*WHAT YOU HAVE TO DO*.
The entries that follow must be written out exactly, without any of the pictures they contain.

------------------------------

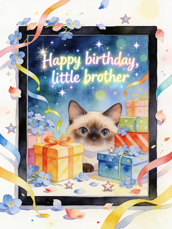 Send a whimsical birthday greeting to your little brother with an exotic shorthair cat peeking from behind stacked presents, forget-me-not petals and bright streamers. Discover also a birthday brother gif, a brother birthday quote or a happy birthday my big brother.
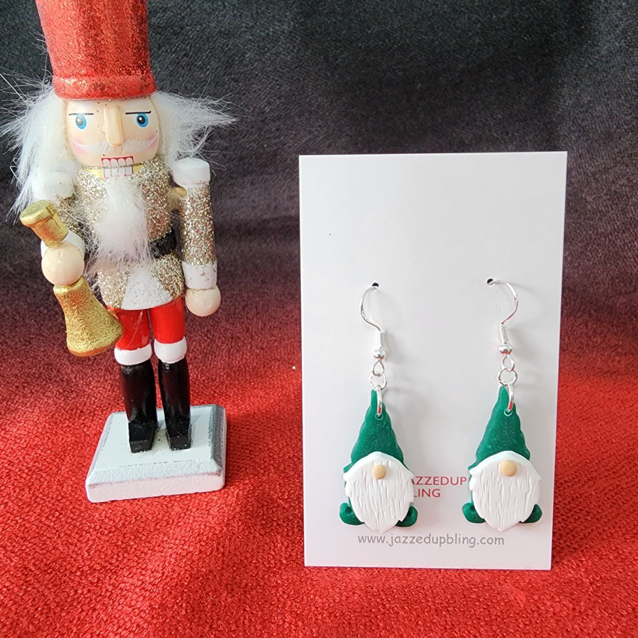 Celebrate the holidays with these handmade Christmas Gnome Earrings. Available in festive red or green hats, each gnome is carefully crafted from polymer clay and finished with your choice of classic hooks or sterling silver hooks for sensitive ears. Lightweight, whimsical, and full of Christmas cheer – the perfect festive accessory or stocking stuffer.
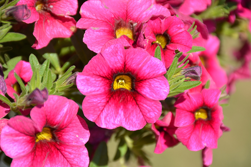 Lindura Neon Calibrachoa is covered in stunning hot pink trumpet-shaped flowers with yellow throats at the ends of the stems from late spring to early fall. Its small pointy leaves remain green in colour throughout the season.
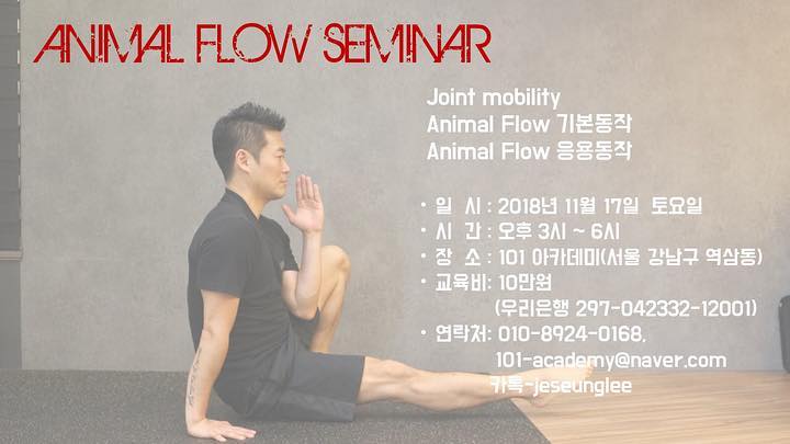 11월 17일 오후 3-6시까지 애니멀플로우 & 관절가동성운동 세미나를 엽니다.
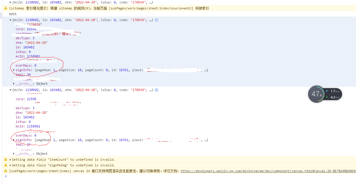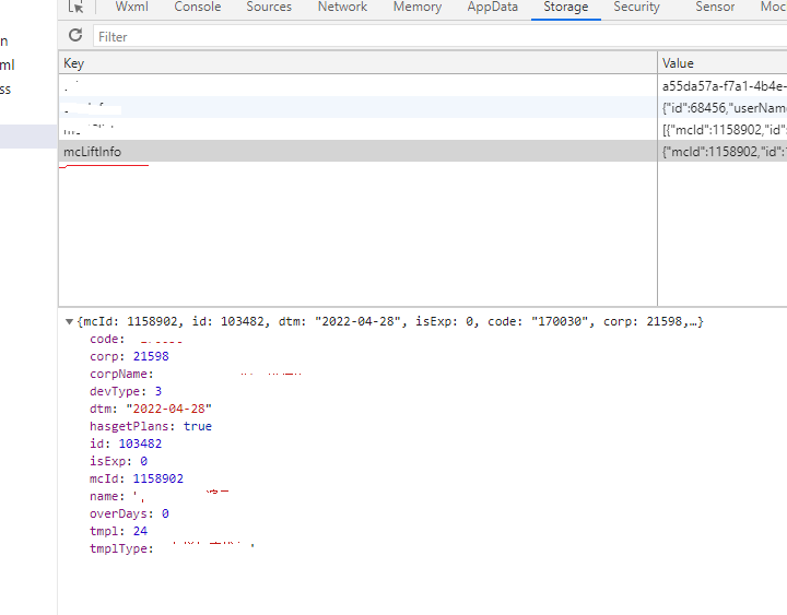 但是在开发工具调试器上,storage中,发现当前缓存的字段mcLiftInfo中signInfo属性并没有更新赋值。然后在销毁页面的钩子函数中,获取缓存信息mcLiftInfo中同样没有signInfo属性——这就导致了后续流程出现问题
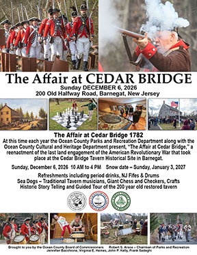 2019 Reenactment Photo GalleryVIDEO: “The Cedar Bridge Tavern Restoration Project”Historic Cedar Bridge Tavern, located on 5 acres and surrounded by Bass River State Forest, dates back to 1816. However, the history of the site reaches much further. It is rumored that the last skirmish of the American Revolution occurred here on December 27, 1782. With rehabilitation work completed on the historic Cedar Bridge Tavern in the Pinelands of Barnegat Township, Ocean County now welcomes visitors to a site that plays a part in its history.
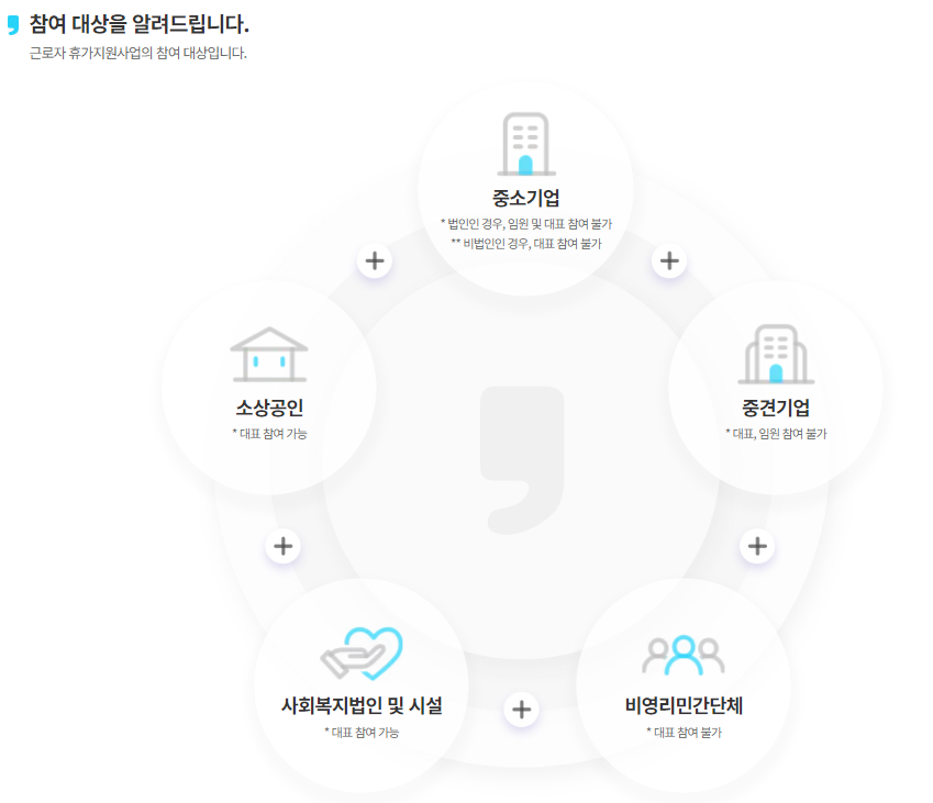 - 근로자 휴가지원 사업은 직장 내 자유로운 휴가문화 조성 및 국내여행 활성화에 있습니다.
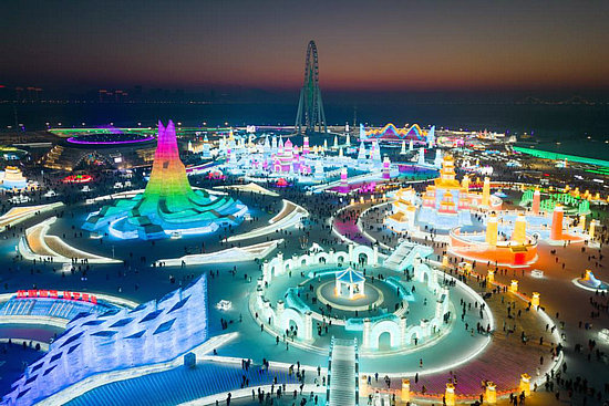 游客在哈爾濱冰雪大世界園區(qū)內(nèi)游玩(無人機(jī)照片,1月9日攝)。新華社記者 張濤 攝
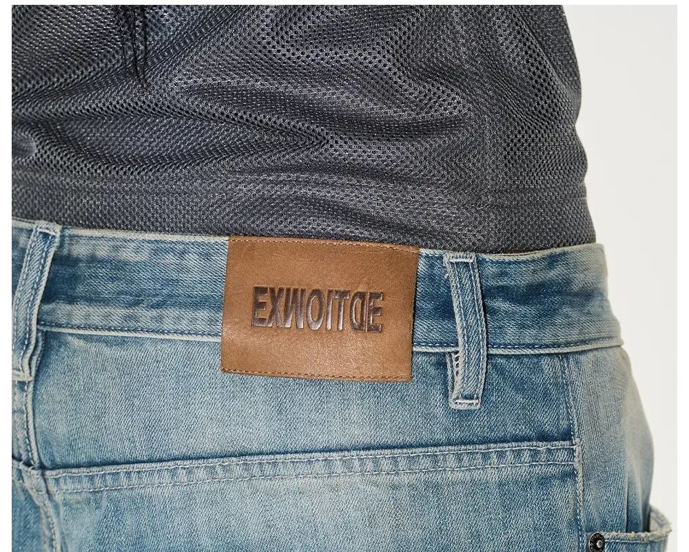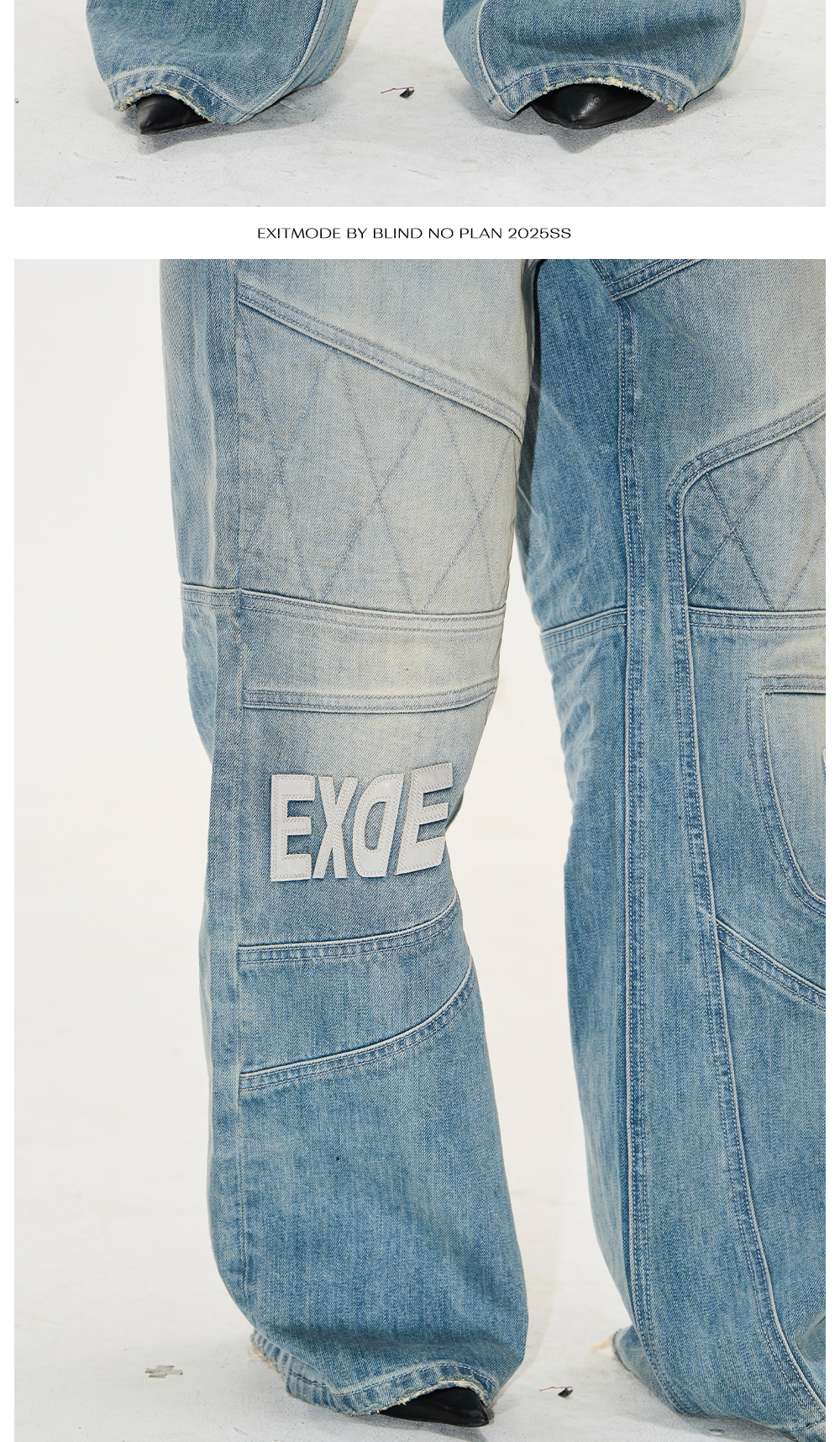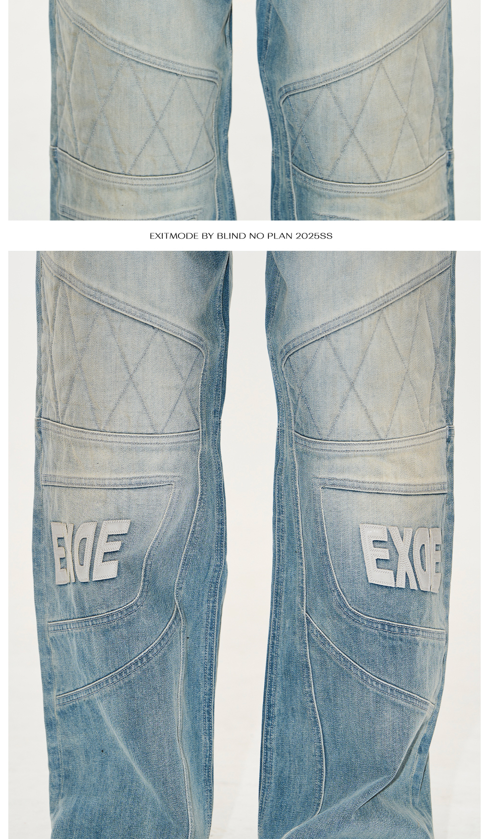 Design Details: These pants blend moto aesthetics with denim, featuring quilted padding for a structured look. Patchwork leather embroidery enhances the design, while a vintage washed effect adds depth. Subtle distressing on the pockets and hem further refines the rugged appeal.
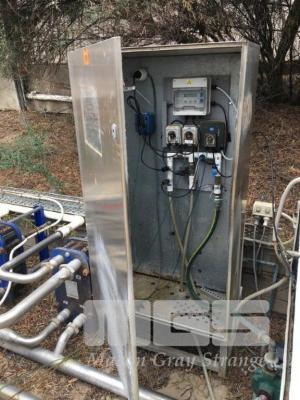 STAINLESS STEEL, WEATHERPROOF CABINET, 1400 x 800 x 400mm (D) WITH COMPONENTS CONDUCTIVITY CONTROLLER 4 x DOSING PUMPS PROMINET, SEKO WITH SMALL LINE PUMP
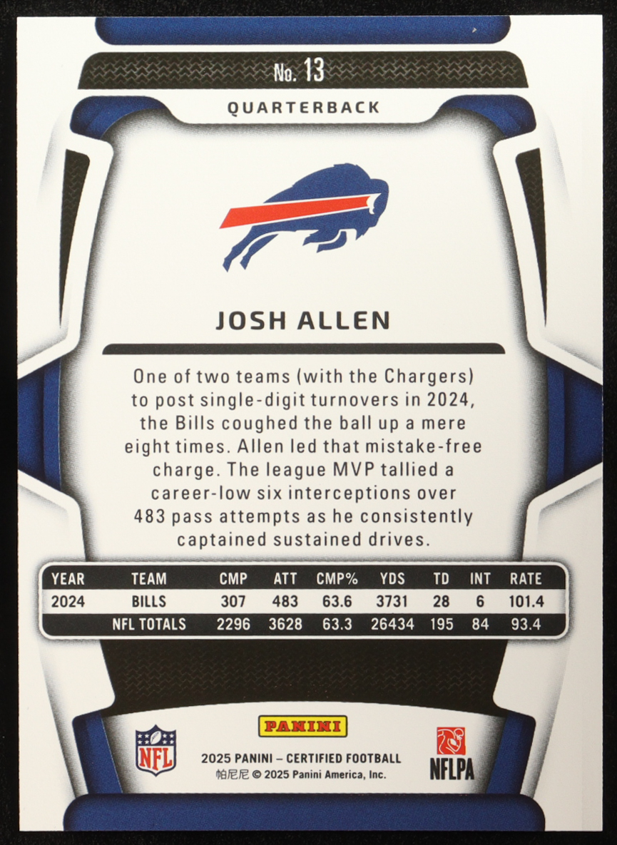 Josh Allen 2025 Certified Mirror Teal #13 #72/75

------------------------------

*TASK OUTPUT*.
 Send a whimsical birthday greeting to your little brother with an exotic shorthair cat peeking from behind stacked presents, forget-me-not petals and bright streamers. Discover also a birthday brother gif, a brother birthday quote or a happy birthday my big brother.
 Celebrate the holidays with these handmade Christmas Gnome Earrings. Available in festive red or green hats, each gnome is carefully crafted from polymer clay and finished with your choice of classic hooks or sterling silver hooks for sensitive ears. Lightweight, whimsical, and full of Christmas cheer – the perfect festive accessory or stocking stuffer.
 Lindura Neon Calibrachoa is covered in stunning hot pink trumpet-shaped flowers with yellow throats at the ends of the stems from late spring to early fall. Its small pointy leaves remain green in colour throughout the season.
 11월 17일 오후 3-6시까지 애니멀플로우 & 관절가동성운동 세미나를 엽니다.
 但是在开发工具调试器上,storage中,发现当前缓存的字段mcLiftInfo中signInfo属性并没有更新赋值。然后在销毁页面的钩子函数中,获取缓存信息mcLiftInfo中同样没有signInfo属性——这就导致了后续流程出现问题
 2019 Reenactment Photo GalleryVIDEO: “The Cedar Bridge Tavern Restoration Project”Historic Cedar Bridge Tavern, located on 5 acres and surrounded by Bass River State Forest, dates back to 1816. However, the history of the site reaches much further. It is rumored that the last skirmish of the American Revolution occurred here on December 27, 1782. With rehabilitation work completed on the historic Cedar Bridge Tavern in the Pinelands of Barnegat Township, Ocean County now welcomes visitors to a site that plays a part in its history.
 - 근로자 휴가지원 사업은 직장 내 자유로운 휴가문화 조성 및 국내여행 활성화에 있습니다.
 游客在哈爾濱冰雪大世界園區(qū)內(nèi)游玩(無人機(jī)照片,1月9日攝)。新華社記者 張濤 攝
 Design Details: These pants blend moto aesthetics with denim, featuring quilted padding for a structured look. Patchwork leather embroidery enhances the design, while a vintage washed effect adds depth. Subtle distressing on the pockets and hem further refines the rugged appeal.
 STAINLESS STEEL, WEATHERPROOF CABINET, 1400 x 800 x 400mm (D) WITH COMPONENTS CONDUCTIVITY CONTROLLER 4 x DOSING PUMPS PROMINET, SEKO WITH SMALL LINE PUMP
 Josh Allen 2025 Certified Mirror Teal #13 #72/75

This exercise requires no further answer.